In the case, a group of investment banks including Goldman Sachs, Merrill Lynch, Morgan Stanley, Citigroup, J.P. Morgan, and others petitioned the Court to reverse the Second Circuit Court of Appeals and grant implied antitrust immunity to their IPO underwriting process, which investors complained violated the Sherman Act. The respondent investors argued that a horizontal conspiracy was entered into among the investment banks to create pools of orders to drive up the price of less attractive shares in the aftermarket. Tie-ins between allocation of shares in the IPO and purchases of stock in the aftermarket and laddering agreements both made this possible.
The investors brought a class action suit in U.S. District Court, Southern District of New York. The District Court ruled in favor of the banks and dismissed the case on the grounds that the pervasive regulation of the sale of securities by the Securities and Exchange Commission (SEC) immunized the banks from antitrust liability. The Second Circuit Court of Appeals reversed and reinstated the complaint against the investment banks.
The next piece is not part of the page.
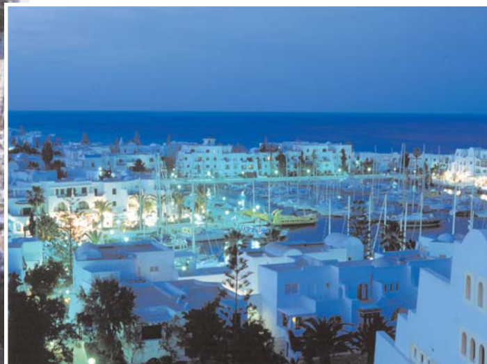
Puerto El Kantaoui

Como su nombre lo indica, Yasmine Hammamet desprende el aroma de un perfume mediterráneo muy típico en Túnez. Esta estación cuyo nombre inspira felicidad, deseo de vivir y hospitalidad, representará, en los próximos años, una instalación turística de mayor atracción. A 60 millas de Sicilia y a menos de 40 millas del puerto deportivo de Sidi Bou Saïd, por el norte, y del puerto deportivo de Port Kantaoui, por el Sur, esta estación balnearia va a ser el futuro producto tunecino del tercer milenio. Se trata de una maravilla arquitectónica y natural que brinda al visitante un perí-

Much was at stake in the Supreme Court’s decision. If the Court decided in favor of the investors, investment banks could suddenly be subjected to an onslaught of antitrust litigation, including treble damages under Section 4 of the Clayton Act. The immediate impact on the U.S. economy would have been apparent: the cost of capital formation could increase and the appeal of the U.S. as a location for new start-up companies could have been significantly diminished. Companies seeking capital could have structured their IPOs in London, Hong Kong, or Frankfurt and avoided the problem entirely.